北の心の開拓記  [小松正明ブログ]

 日々の暮らしの中には、きらりと輝く希望の物語があるはず。生涯学習的生き方の実践のつもりです。

障がい者への住まいの支援

2009-12-18 23:55:58 | Weblog
 ある勉強会で軽度知的障がい者のための自立住宅のお話を聞きました。

 お話をしてくれたのはNPO法人ぱれっとの方で、もう20年以上も障がい者が自立出来るような活動を支援してきた団体です。

 これまでも「おかし屋ぱれっと」でクッキーを作って販売したり、Restaurant & Bar Paletteでスリランカカレーを売るお店を経営したりと、知的障がい者が働いてお金を稼げる環境を支援してきたのです。

 名前の「ぱれっと」とは、絵の具を混ぜる時に使うパレットのことで、健常者、障がい者、外国人を色に見立てて、これらが混ざり合うことで新しい色を作り出したいという願いが込められています。

 このNPO法人ぱれっとが今建設を進めているのが、「ぱれっとの新しい家」です。

 これは軽度の障がい者が一人で自立して生活出来るような家を提供したいという思いから、健常者と共にグループホーム的に部屋住まいと共同スペースを併せ持った家をつくり、日常の生活のほんのちょっとした手伝いをすることで生活を支えるという哲学をもった家です。

 この事業に理解のある企業が、社員寮を建て替えようとした際にこの話を聞きつけて、土地を貸してくれて、併せて自ら建設も手がけて8人用の住宅を建設したのです。

 知的障害でも軽度の方であれば、日常生活にほとんど支障はないのですが、たとえば見知らぬ人との関係作りがうまく行かないというような方が、宅急便を受け取ることが出来ない、などということもあるのだとか。

 そんなときに同居人が替わりに受け取ってあげたり一緒にサポートすることで、それ以外は普通の生活が出来るという、そんな気楽な同居を目指した家造りです。

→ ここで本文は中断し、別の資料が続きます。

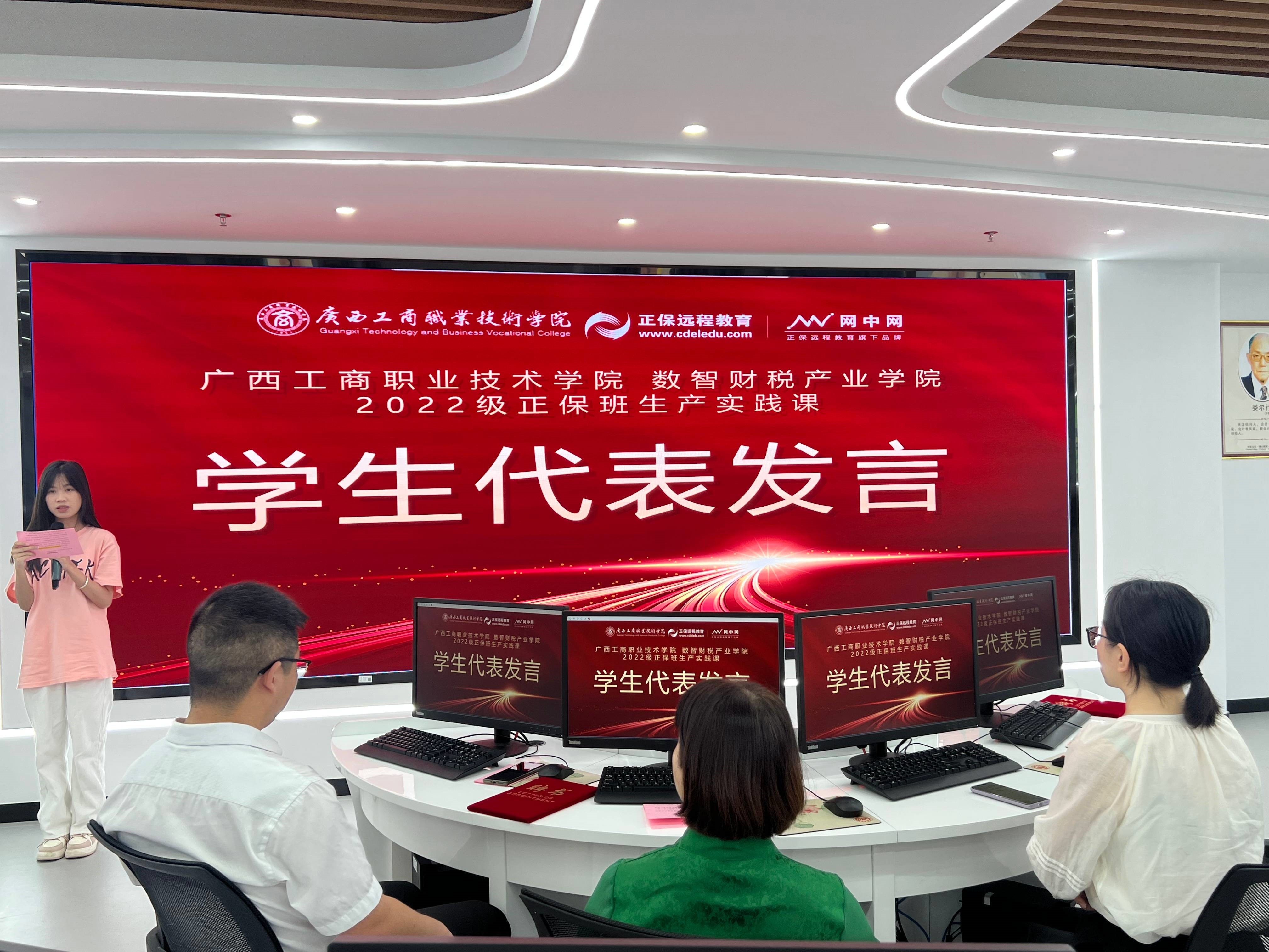 為進(jìn)一步完善學(xué)院課程體系建設(shè),深化產(chǎn)教融合、校企合作,探索產(chǎn)教融合新模式,推進(jìn)信息化技術(shù)發(fā)展與人才培養(yǎng)的貫通銜接。2024年5月27日上午,會(huì)計(jì)學(xué)院在武鳴校區(qū)A5-314財(cái)務(wù)云共享中心召開數(shù)智財(cái)稅產(chǎn)業(yè)學(xué)院2022級(jí)正保班生產(chǎn)實(shí)踐課開班儀式,會(huì)計(jì)學(xué)院院長(zhǎng)粟衛(wèi)紅、副院長(zhǎng)譚玉娥、正保遠(yuǎn)程教育廈門網(wǎng)中網(wǎng)軟件有限公司西南大區(qū)總經(jīng)理胡世杰等相關(guān)負(fù)責(zé)人及2022級(jí)正保班同學(xué)出席開班儀式。會(huì)議由會(huì)計(jì)學(xué)院教務(wù)科研科科長(zhǎng)梁亞兵主持。

 もうすぐ完成して、その後の入居者を募集しており、健常者5名、障がい者2名がほぼ決まったそうです。

    ※    ※    ※    ※

 障がい者の支援というと、なかには肩肘張った「私が支援するんだ」という気構えで来る方もいるそうですが、そんなに気を張っても長続きするものではなく、親切の延長みたいな感覚で普通に対応できる感覚の方が良いのだそう。

 しかしながら現実にはそうしたちょっとだけ手伝ってくれるだけで一人暮らしが出来る人を受け入れられるような住まいが日本にはほとんどなくて、結局親との同居や施設で暮らさざるを得ないのが現状になっているのだそうです。

 NPOぱれっとでは、「これが正解とも思いませんが、こうした活動を広めるためにもまずは自分たちで前例を作らなくてはと思っています」とのこと。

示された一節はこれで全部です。